Book Update: How to be a Pink Flamingo in a Brown Duck Pond

So here I sit with my final proof before the book that I have spent the last two years writing and what seems like a life time living, and it’s go time. Sign off time.  The last edit.

I actually received the final edits from my publisher on August 19, and I procrastinated opening the files until today.  There were many reasons that ranged from business priorities to poolside priorities. But the real reason is this: once I open the book, again, I have to go back there, and open up that part of my soul that created the words on the page.

Let me begin by saying I believe in the power of intention, and that once intention is established, alignment begins to happen.   I began writing How to be a Pink Flamingo in a Brown Duck Pond in July 2012. My intention was to write away a very painful time in my life by attempting to make sense of it through words, since that is how I usually make sense of the world.

Going backward is not my specialty but in the writing process,  I was able to come to terms with a very painful experience in the first book, which I titled Learning to Fly.   I like to spend very little time in the past. I prefer the present, and I love the possibilities about the future.  The challenge of writing the book was to understand the past so that the present and future could change.

I am a publisher and owner of SKY Publishers Ltd. I publish SKY Magazine, a quarterly magazine that I purchased in October 2012.  I was trained as a journalist, and spent my career writing corporate plans, annual reports and speeches.  It turns out the writing and journalism skills that I learned in university became the wings upon which my career unfolded.  From 1996 to 2011,  I evolved from a corporate communications student consultant at $25,000 / year to a corporate executive leading business planning, risk management, communications, social responsibility, policy and governance at a salary of six figures.

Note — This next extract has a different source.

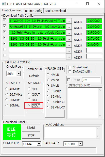 SPI Mode 는 일단 QIO 로 하자. 자세한 설명은 나중에 하도록 하겠다.
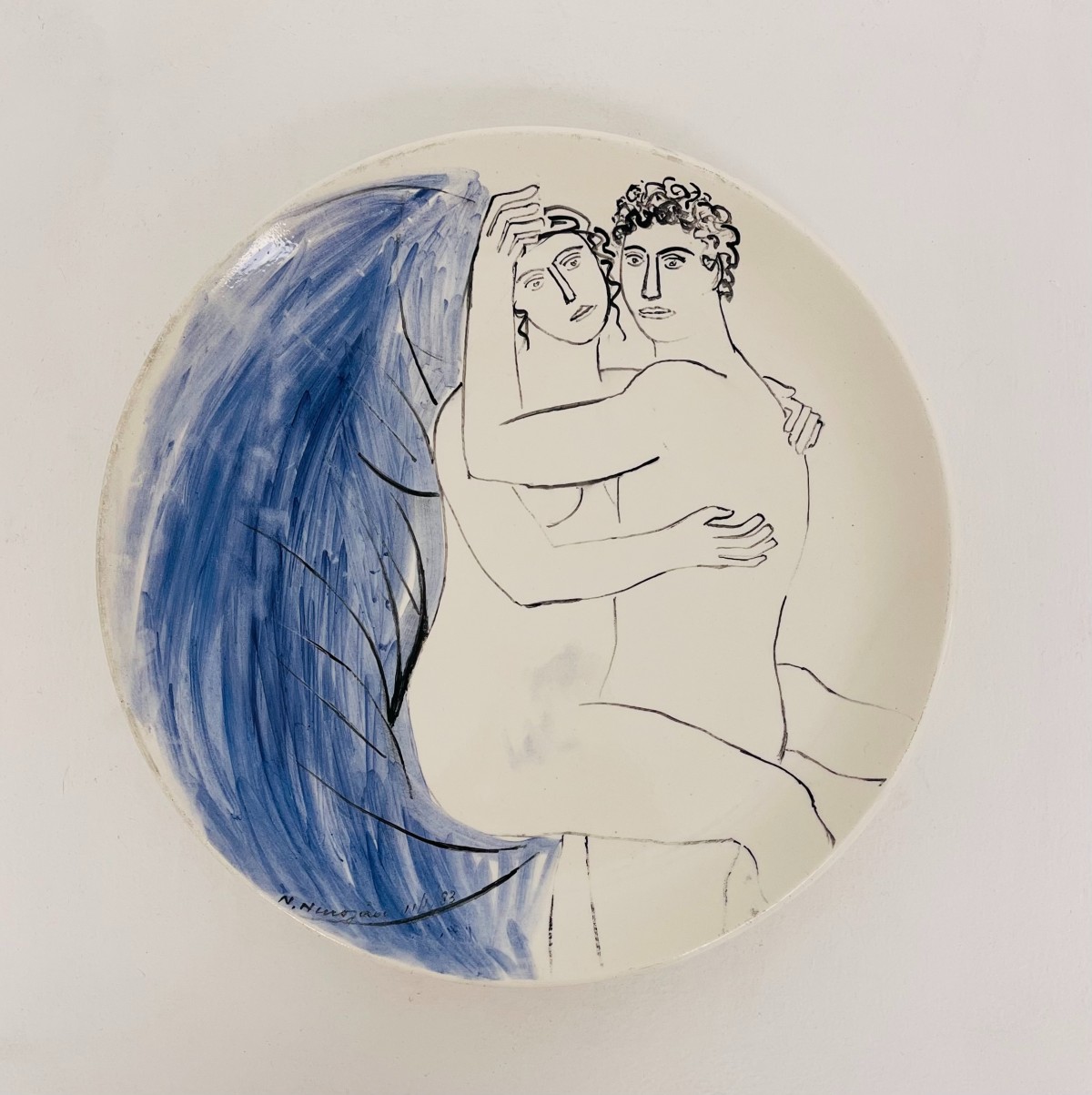 Μια ντουζίνα ακόσμητα πιάτα λοιπόν που βρέθηκαν αποθηκευμένα στο εργαστήρι του Νικολάου στην Αίγινα, έγιναν κι η αφορμή γι’ αυτή την έκθεση. Είκοσι τρία κεραμικά πιάτα που διατέθηκαν σε ισάριθμους σύγχρονους εικαστικούς καλλιτέχνες για να αφήσουν πάνω στη κεραμική τους επιφάνεια τη δική τους αισθαντική γραφή. Σχέδια, χρώματα, ανάγλυφα, που ιστορούν ιδιωματικές προσεγγίσεις μιας οικείας όσο κι ανοίκειας επιφάνειας. Γιατί η καλλιτεχνική γραφή είναι αυτή που διανοίγει τα αντικείμενα που μας περιβάλλουν στον ορίζοντα μιας άλλης σκηνής. Δεν είναι πια η πραγματικότητα της χρηστικότητάς τους, αλλά η έξαρσή τους στον τόπο και στο χρόνο μιας άλλης απόλαυσης. Ακόμη κι όταν αυτή η γραφή εκδηλώνεται ως μια απλή διακόσμηση πάνω στ’ αντικείμενο, και τότε ακόμη, το βλέμμα ανακτά τον απολεσμένο του ορίζοντα, τη διεσταλμένη, αλλά και διεστραμμένη, ορατότητά του. Τα πράγματα τότε δεν είναι αντικείμενα μιας χρειώδους ανάγκης, αλλά παραμυθιακά τρόπαια και φαντασιακές διαφυγές.

During those years, it was my intention to live out my corporate life and eventually retire and become an independent in the market place.  I had always kept one foot in my ’some day’ world, freelancing writing and planning gigs in the outside world wherever I could.  Then one day, my someday plan changed with a head on collision between my values and a brick wall.

Technically this is my third crack at publishing.  The first work that I produced was a collection of poetry titled, Died of a . . .  a private collection of lives lived so far.  I began writing that draft in 2006, and in 2010, I took a chance and submitted it to a publisher after my oldest daughter said, “you will never know unless you try.”

So on December 31, 2010, on the deadline for submissions, I dropped the manuscript off to the office next door to the publisher, because the publisher was already shut down for the holidays.  About one year later, I called to inquire about the status.  I got the distinct impression they had never seen it because they insisted they sent it back to me, and I insisted they hadn’t.  About 10 days later, it came in the mail, unceremoniously denied and likely never read.

I began writing How to be Pink Flamingo in a Brown Duck Pond in July 2012 with an intention to publish.  I decided that traditional publishers were not in my future, and so I went the route of self-publishing with a well known national publisher.  They have been very helpful throughout this process.  They helped me with the appropriate package, and they have followed me through my process, patiently waiting for drafts to be submitted and decisions to be made.

Writing a book is a business in itself because it is actually a product that will be available in the market place.  Beyond writing, decisions had to be made about size, pricing, distribution and website positioning.  One must be a marketer, website designer, social media networker, and public speaker.

In the course of learning to author a book fit for public consumption, there were challenges related to content risk and sensitivities to be managed, knowing that some people may read this book and think it is about them, but it’s not.  This is a book about ducks and flamingos, and ultimately how to learn to fly.  No ducks or flamingos were hurt in the writing of this book.